#### Aim of the exercise:
Without its pictures, the listing below is to be transcribed exactly.

#### Information shown:

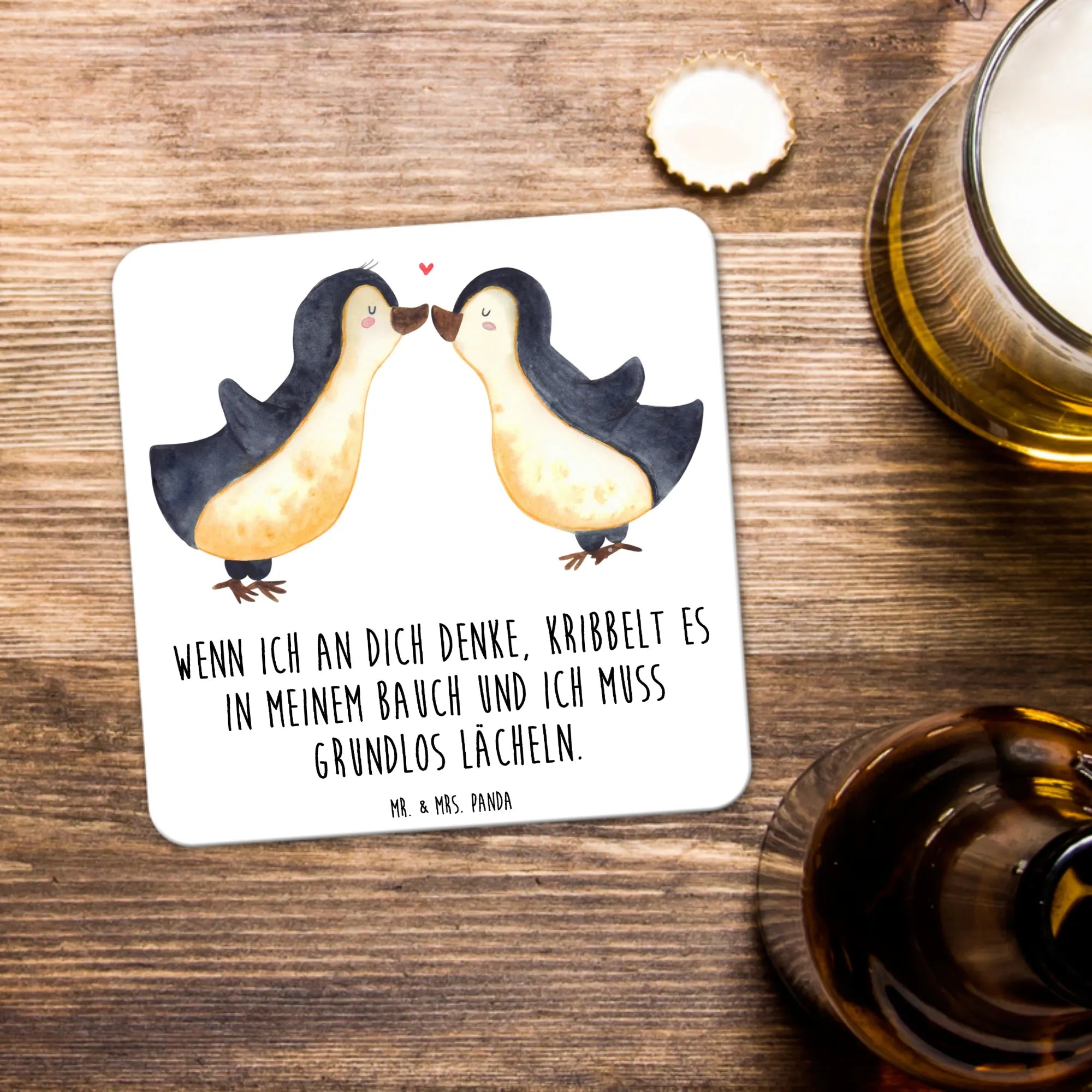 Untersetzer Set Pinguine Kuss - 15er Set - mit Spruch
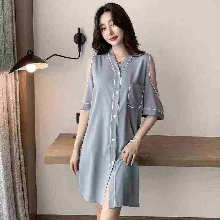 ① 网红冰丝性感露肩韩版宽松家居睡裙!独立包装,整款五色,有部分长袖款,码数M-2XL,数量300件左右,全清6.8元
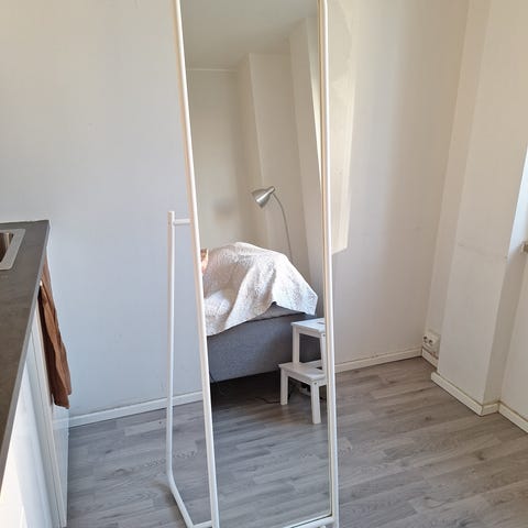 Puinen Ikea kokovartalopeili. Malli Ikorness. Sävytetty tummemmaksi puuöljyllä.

#### Result of this task:
 Untersetzer Set Pinguine Kuss - 15er Set - mit Spruch
 ① 网红冰丝性感露肩韩版宽松家居睡裙!独立包装,整款五色,有部分长袖款,码数M-2XL,数量300件左右,全清6.8元
 Puinen Ikea kokovartalopeili. Malli Ikorness. Sävytetty tummemmaksi puuöljyllä.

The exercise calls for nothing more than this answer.